By engaging with and focusing on the client’s traumatic experience,
through the intersubjective nature of human minds and the resulting activation
of mirror neurons, lawyers, judges, and others in the legal industry
might be unaware of the cumulative implicit unconscious process of vicarious
trauma. In his 2008 book Mirroring People: The New Science of How We
Connect With Others,2 Marco Iacoboni argues that “vicarious” is not a strong
enough word to describe the effect of mirror neurons: mirror neurons operate
at the implicit level and give us an instant visceral sense of another’s
experience.
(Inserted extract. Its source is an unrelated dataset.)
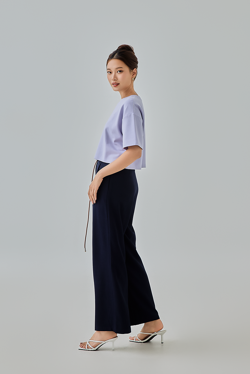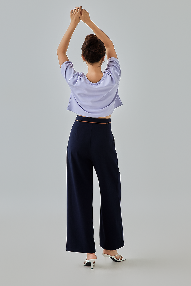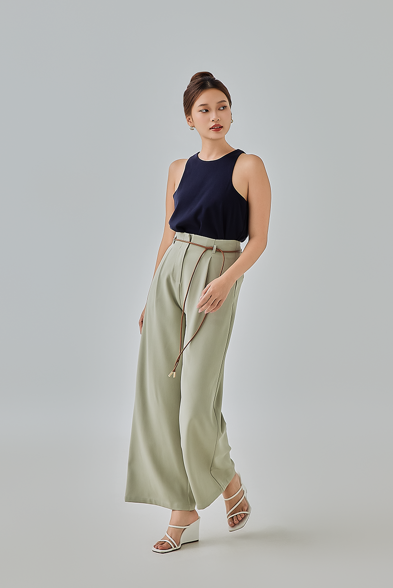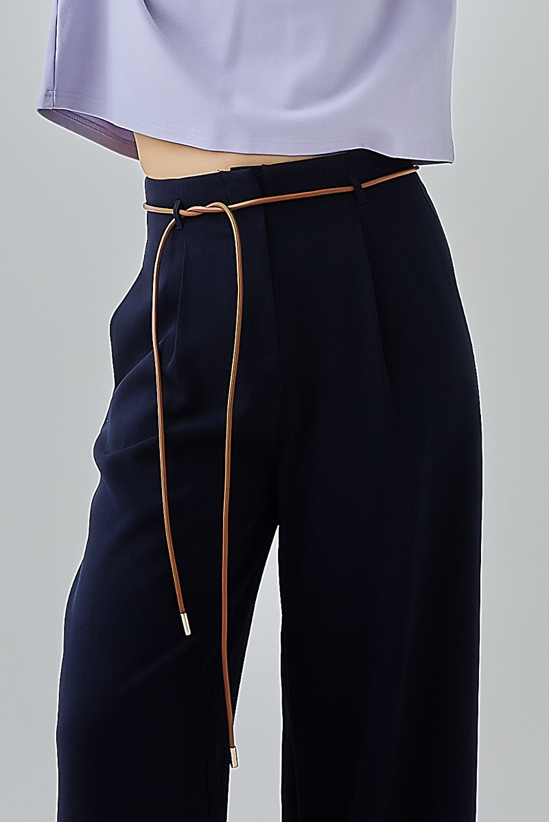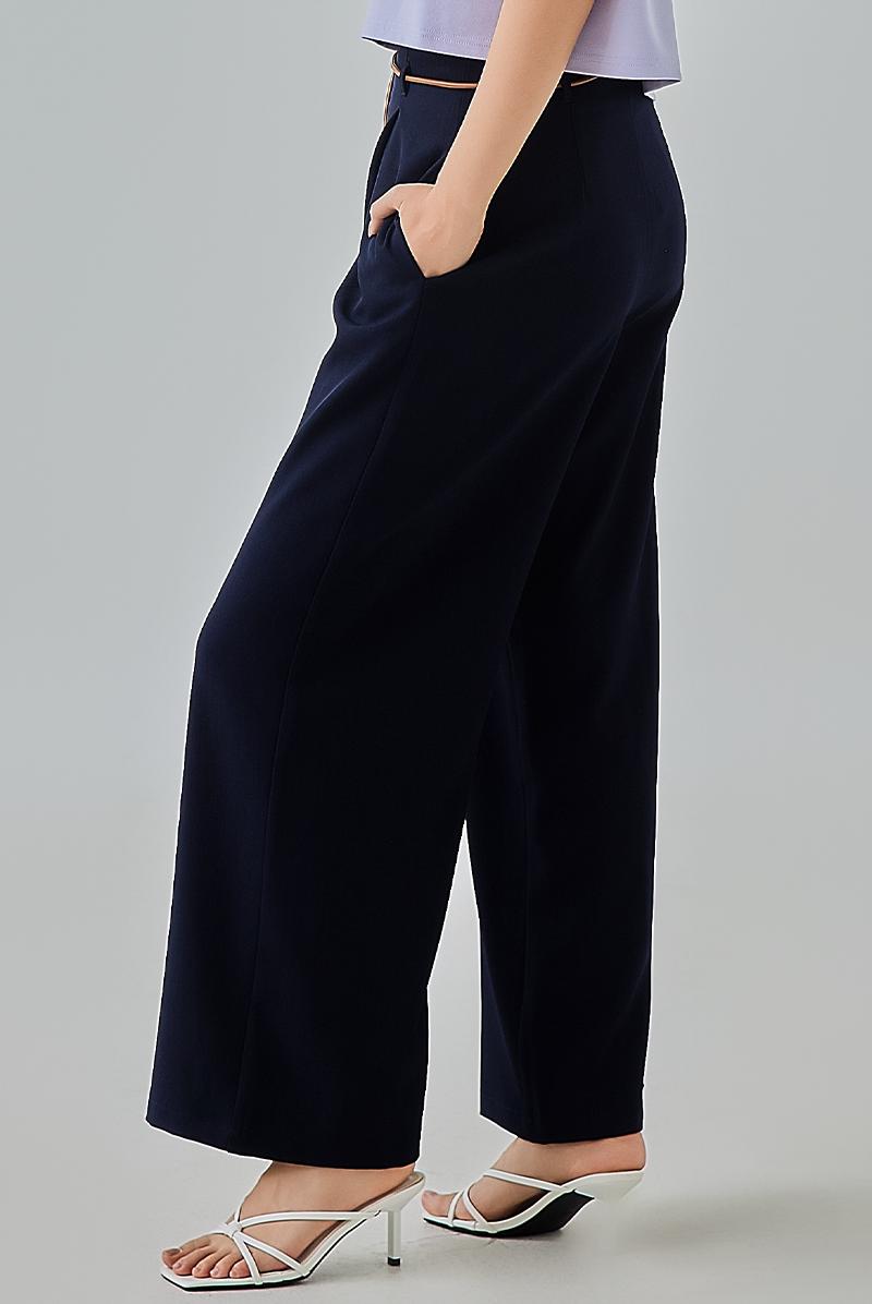 Elevate your style with these chic high-waisted wide-leg pants featuring a sleek, waistband-free design. Crafted for comfort, they boast functional belt loops and come with a detachable thin leather belt for added flair. Enjoy the practicality of side pockets and a hidden hook and clasp paired with a discreet zipper closure, making them perfect for day-to-night wear.

It is more than just merely empathizing because it is not an
effortful, deliberate process of being in someone else’s shoes. Rather, it is an
effortless, automatic and unconscious inner mirroring. We sponge up the
trauma of another’s experience at an implicit, unconscious level. Vicarious
trauma is a descriptive term used interchangeably with other clinical terms
such as burnout, compassion fatigue, secondary trauma, secondary traumatic
stress or insidious trauma. Experiencing vicarious trauma can lead to
long-term alterations in one’s personality because it alters perceptions on
an ongoing basis about how a person thinks about themselves, others and
the world. The result is an erosion of optimism and an increased risk of
depression, anxiety, intense fatigue, suicidal ideation, sleep deprivation,
gastro-intestinal disturbances and an inability to concentrate and cope with
daily routines. Vicarious trauma can result in total disconnection with others
and disengagement with work and personal life, and can cause people
to become totally detached. It is important for all those working in the legal
system to recognize the connection between the symptoms they and their
colleagues may be experiencing and how their daily work may be contributing
to these symptoms.
In the 2002 presentation of his findings from interviewing 56 Canadian
judges, psychologist Dr. Isaiah Zimmerman presented the stories of the
“torment” that judges and lawyers experience in dealing with cases of sexual
abuse, child maltreatment and domestic violence. He quoted one of his
subjects who had stated: “The sheer volume of each day’s work makes me
fear I’m just processing people and have lost touch with my better self. Am
I becoming indifferent to horror?”3
In the almost two decades that have gone by since Dr. Zimmerman’s
research, there have been advances in neuroscience and brain research that
have validated our innate resilience and healing capacities, which result
from our ability to remain connected to our better selves, allowing us to
thrive in spite of toxic occupational hazards including vicarious trauma.